Tidakkah kau lihat kelapangan hati Beliau dalam
memperhatikan kedua urusan tersebut? Hal
ini tidak bisa dianggap sebagai kekhususan Nubuwah semata. Adalah Umar bin Khaththab yang mempersiapkan
pasukan perangnya disaat sedang shalat.
Hatinya begitu lapang untuk urusan shalat sekaligus jihad pada saat yang
bersamaan. Hal ini tergantung pada kelapangan
dan kesempitan hati, kekuatan, dan kelemahannya.
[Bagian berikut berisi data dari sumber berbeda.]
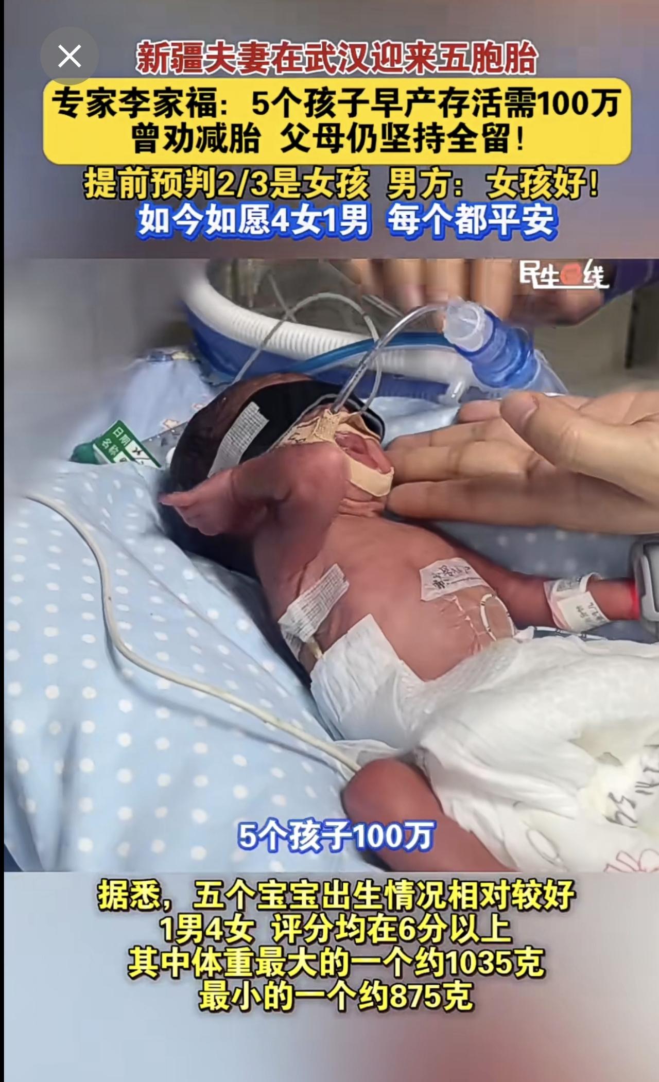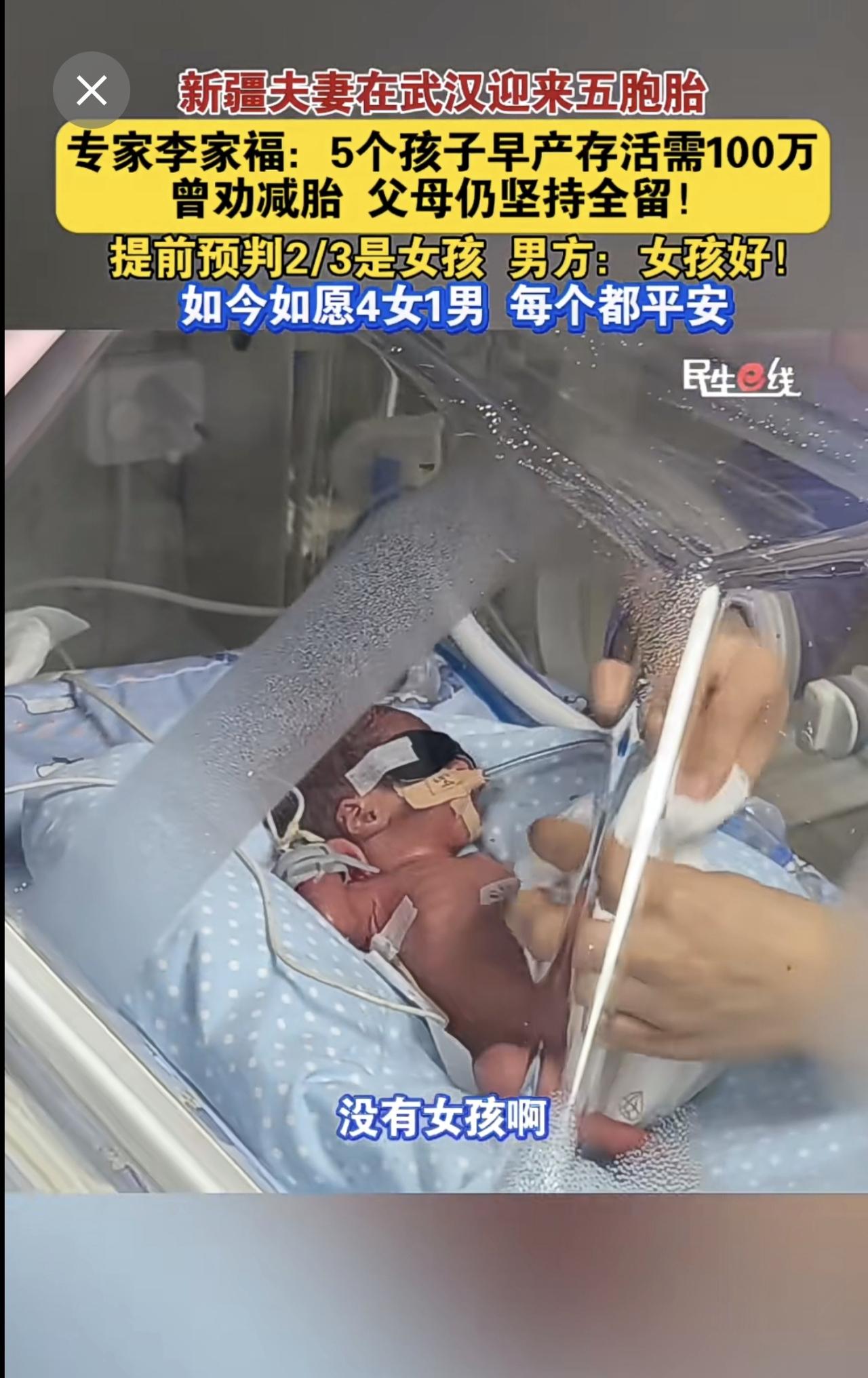 新疆夫妻在武汉迎来五胞胎 产科专家李家福:5个孩子早产存活需100万,曾劝减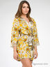 Привлекательное кимоно выполнено из струящегося натурального шелка с ярким принтом. Модель с запахом, без карманов. Внешний съемный пояс выполнен из однотонного шелка, продет в шлевки и дополнен внутренними завязками. Укороченные рукава декорированы изящным кружевом.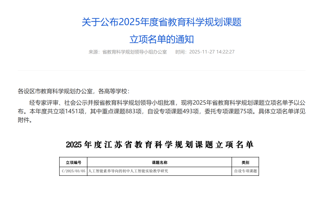 信息技术学科组牵头开发《实践导向的人工智能创新工程课程》,获评市级优质课程,团队教师在各级教学竞赛中屡获佳绩,其中郭晓然老师的课例获评全国中小学人工智能教育展示优秀示范课。省级课题《人工智能素养导向的初中人工智能实验教学研究》,将前沿技术融入日常教学,整合多学科资源,打造工程教育特色课程体系,助力学校成功入选 “无锡市义务教育教学改革实验校”,为拔尖人才培养提供坚实支撑。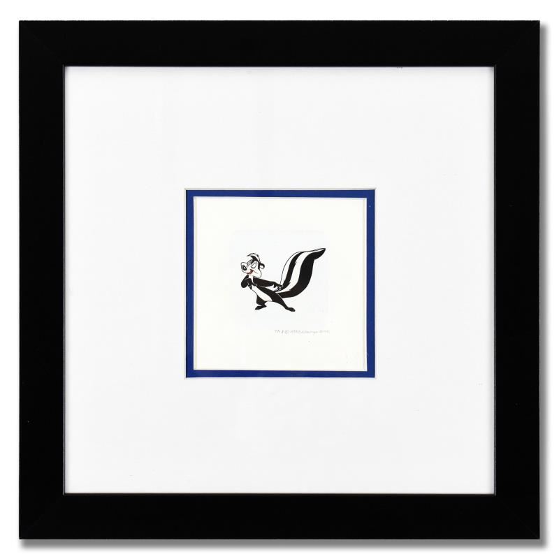 Pepe le Pew by Looney Tunes. "Pepe le Pew" is a limited edition etching on paper with hand-tinted coloring from Warner Bros, numbered and dated 1999. This piece comes framed. Measures approximately 14" x 14" (frame), 2.5" x 2.5" (image).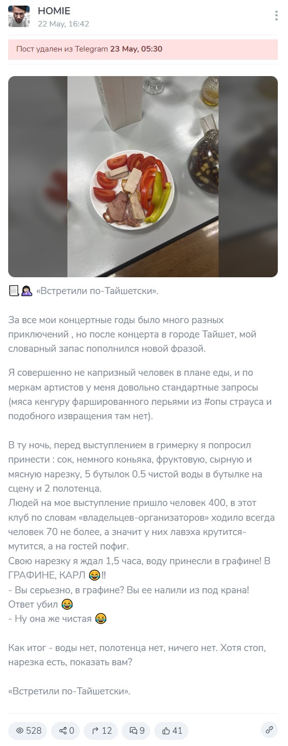 Обновлено в 12:25. Рэпер Homie удалил из своего телеграм-канала скандальную запись о тайшетском гостеприимстве. Но, как известно, в интернете ничто не проходит бесследно. Сервис TGStat сохранил его публикацию в самом первозданном виде. Поэтому сделать вид, что ничего не было и всем всё показалось, не получится.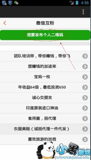 4、接下来看看“微信互粉”吧,可以通过发布自己个人的二维码哦,你只要将你的二维码发布出去了,就会有更大的可能获得粉丝哦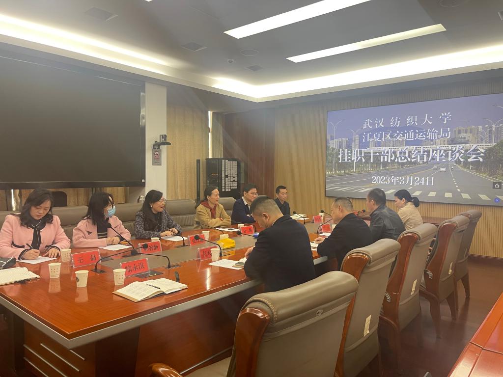 3月24日,2022年赴江夏区交通局挂职的邓奕博士,圆满的完成了挂职锻炼工作任务,武汉纺织大公司党委常委、组织部部长金艳率yl7703永利全体班子成员一行前往江夏区交通运输局迎接邓奕博士返回公司。并与江夏区交通运输局进行了座谈交流。江夏区交通运输局党组书记、局长谢受林,党组成员、副局长左大为,党组成员、副局长严亮,党组成员、总工程师喻永洪,人事科科长谭媛媛出席了座谈。

Masih menurut pendapat mereka, kesempurnaan ibadah ialah,
jika hati manusia merasakan kehadiran Dzat Yang disembahnya, dan memperhatikan
adab –adab ibadahnya. Yang satu tidak
akan mengganggu yang lainnya. Yang
seperti ini seringkali terjadi dalam kehidupan nyata. Jika seseorang berbuat sesuatu untuk
kepentingan Kepala Negara misalnya, yang dia lakukan di hadapannya. Sedang Kepala Negara itu menyaksikan secara
langsung, maka hatinya akan menjadi lapang dan mekar. Bahkan, inilah keadaan seseorang yang sedang
jatuh cinta, yang berbuat untuk kepentingan kekasihnya, baik dilakukan di
hadapannya maupun berjauhan dengannya.
Inilah Rasulullah shallallahu ‘alaihi wa sallam yang
menangis tatkala kematian putera Beliau, Ibrahim. Tangis Beliau ini merupakan ekspresi dari perasaan
kasih sayang terhadapnya. Hati Beliau
begitu lapang dalam menyayangi
puteranya, sekaligus ridha terhadap takdir Allah. Yang satu tidak mengganggu yang lainnya.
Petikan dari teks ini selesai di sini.